Leading the list of New Zealand businesses is Auckland-based mobile payment company Pushpay, ranked 10th on the regional index with an impressive 4,574per cent growth. It is followed by customer relationship management platform Plexure and appointment booking and scheduling software company Timely, which come in 35th and 71st respectively on the 2016 index.

Fourteen Kiwi technology companies are placed in the top one-third of the index and seven are in the top 100.

Johnson says the 53 companies from New Zealand outperforms regional heavyweights South Korea (50) and Japan (35), and is just shy of Taiwan (57), in terms of representation on the index.
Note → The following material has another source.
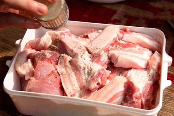 Rửa sạch thịt cùng với muối. Thái thịt gói bánh chưng thành từng miếng có độ dài khoảng 5 - 6cm và dày 1 - 2cm. Tiến hành ướp thịt cùng với hạt tiêu và muối.
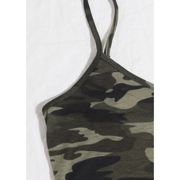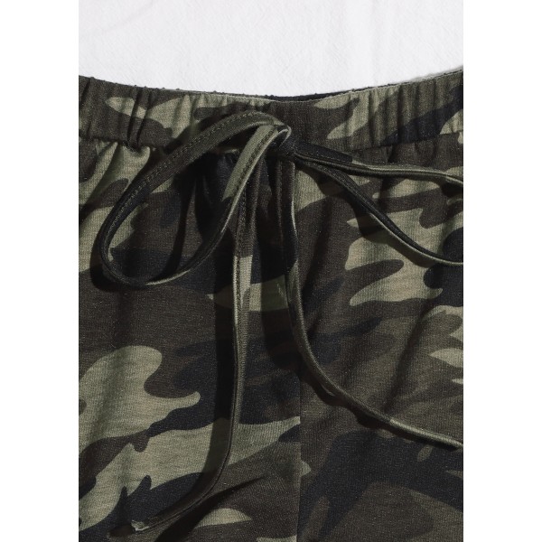 - Askılı Crop ve Şortlu Kamuflaj Desenli Gecelik Takım

“This year’s strong Kiwi representation, with New Zealand companies accounting for over 10 per cent of the entire Asia Pacific index for the third straight year, is continued evidence that our technology companies can thrive on the world stage,” says Johnson.

“As we saw in the Deloitte Fast 50 unveiled last month, a number of Kiwi companies have embraced disruptive technologies; with many in business to help other companies better navigate these technological changes.”

Auckland-based businesses lead the Kiwi contingent on the list with 24 companies represented, while there are 15 from Wellington, 6 from Christchurch, 3 from Hamilton, 2 from Dunedin and one each from Whangarei, New Plymouth and Queenstown.